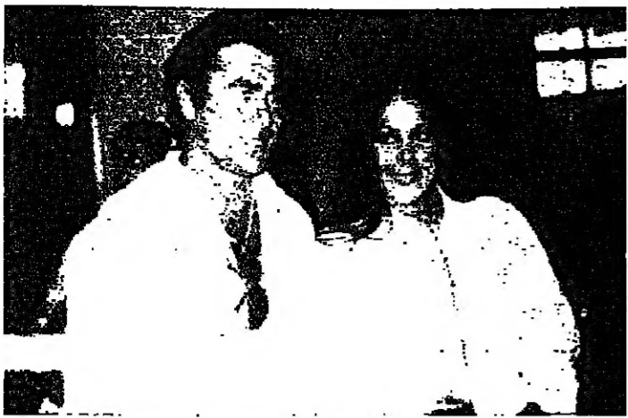
بيكيري، الويسيم، وزوجته. عشق كبير حتى لحظة الصراع الاخيرة
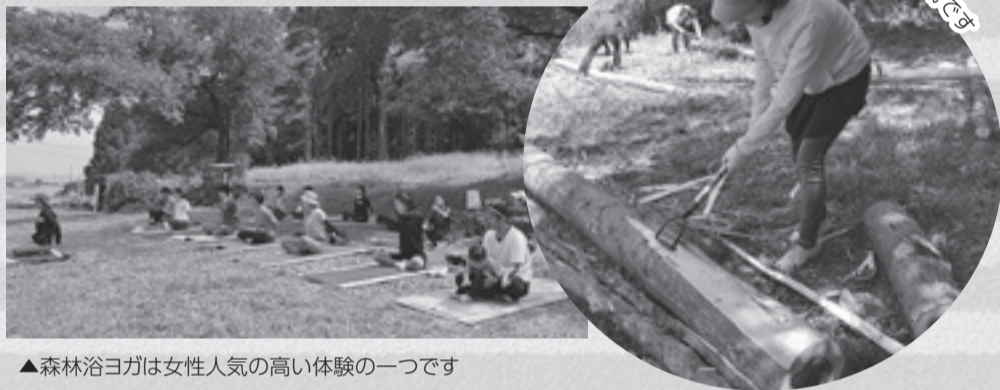
▲森林浴ヨガは女性人気の高い体験の一つです
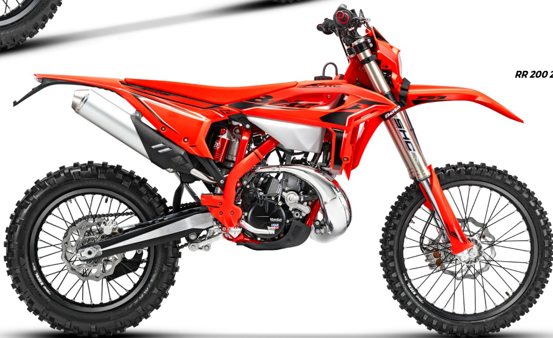
RR 200 2T

Motore 2T 125: RR X-PRO My26 propone un nuovo pistone e una nuova testa motore, modificata nell'architettura della camera di combustione, allo scopo di incrementare coppia e potenza messi in campo dal monocilindrico 125 2T. / Engine 2T 125: The RR X-PRO My26 features a new piston and a new engine head, with updated combustion chamber architecture to increase the torque and power provided by the single-cylinder 125 two-stroke. / Moteur 2T 125: La RR X-PRO MY26 se dote d'un nouveau piston et d'une nouvelle culasse, modifiée dans l'architecture de la chambre de combustion, afin d'accroître le couple et la puissance fournis par le monocylindre 125 2T. / Motor 2T 125: Mit der RR X-PRO My26, die über einen neuen Kolben und einen neuen Zylinderkopf verfügt, bei dem das Layout der Brennkammer modifiziert wurde, war es das Ziel, das Drehmoment und die Leistung des 2T-Einzylinders mit 125 cm 3 zu erhöhen. (Models affected: RR 2T 125)
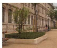
Simulation du plateau taillé de Lonicera
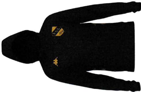
GIORDI SWEAT À CAPUCHE MOLLETON ADULTE (S - M - L - XL - 2XL - 3XL - 4XL) PVC KAPPA : 55€ PVC ASC -30% : 38,50€
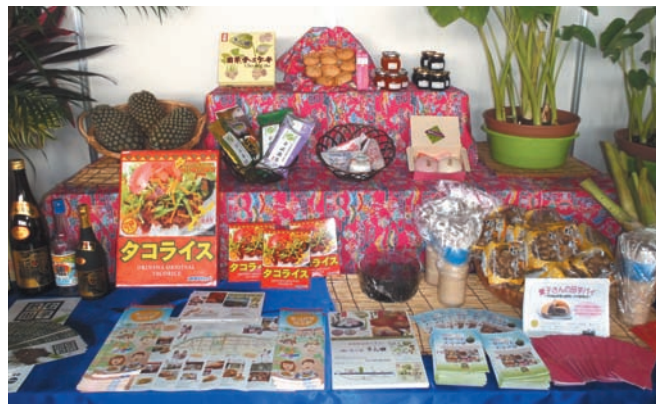
▲金武町のブースで展示された特産品の数々

10月12日・13日の2日にわたり、名護市で第29回やんばるの産業まつり（主催・北部振興会）が開催されました。金武町もブースを構え、田芋スイーツやぶなしめじ、緑茶、泡盛などを展示して、町の特産品をPRしました。まつり会場は来場者でにぎわい、金武町ブースの前でも多くの方が足を止めていました。
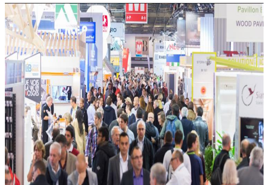
▲ 2017년 프랑스 파리 국제건축박람회 사진
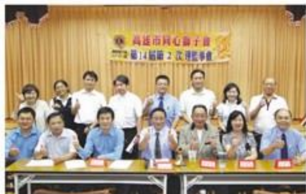
7月28日前往茂林鄉聯合舉辦高雄市茂林原住民區部落健康盃「舞動原力、健康起飛」活動。

----------------------------------------

WHAT THE EXERCISE ASKS → The records above should be reproduced exactly, with no pictures included.

EXERCISE ANSWER →
بيكيري، الويسيم، وزوجته. عشق كبير حتى لحظة الصراع الاخيرة
▲森林浴ヨガは女性人気の高い体験の一つです
RR 200 2T

Motore 2T 125: RR X-PRO My26 propone un nuovo pistone e una nuova testa motore, modificata nell'architettura della camera di combustione, allo scopo di incrementare coppia e potenza messi in campo dal monocilindrico 125 2T. / Engine 2T 125: The RR X-PRO My26 features a new piston and a new engine head, with updated combustion chamber architecture to increase the torque and power provided by the single-cylinder 125 two-stroke. / Moteur 2T 125: La RR X-PRO MY26 se dote d'un nouveau piston et d'une nouvelle culasse, modifiée dans l'architecture de la chambre de combustion, afin d'accroître le couple et la puissance fournis par le monocylindre 125 2T. / Motor 2T 125: Mit der RR X-PRO My26, die über einen neuen Kolben und einen neuen Zylinderkopf verfügt, bei dem das Layout der Brennkammer modifiziert wurde, war es das Ziel, das Drehmoment und die Leistung des 2T-Einzylinders mit 125 cm 3 zu erhöhen. (Models affected: RR 2T 125)
Simulation du plateau taillé de Lonicera
GIORDI SWEAT À CAPUCHE MOLLETON ADULTE (S - M - L - XL - 2XL - 3XL - 4XL) PVC KAPPA : 55€ PVC ASC -30% : 38,50€
▲金武町のブースで展示された特産品の数々

10月12日・13日の2日にわたり、名護市で第29回やんばるの産業まつり（主催・北部振興会）が開催されました。金武町もブースを構え、田芋スイーツやぶなしめじ、緑茶、泡盛などを展示して、町の特産品をPRしました。まつり会場は来場者でにぎわい、金武町ブースの前でも多くの方が足を止めていました。
▲ 2017년 프랑스 파리 국제건축박람회 사진
7月28日前往茂林鄉聯合舉辦高雄市茂林原住民區部落健康盃「舞動原力、健康起飛」活動。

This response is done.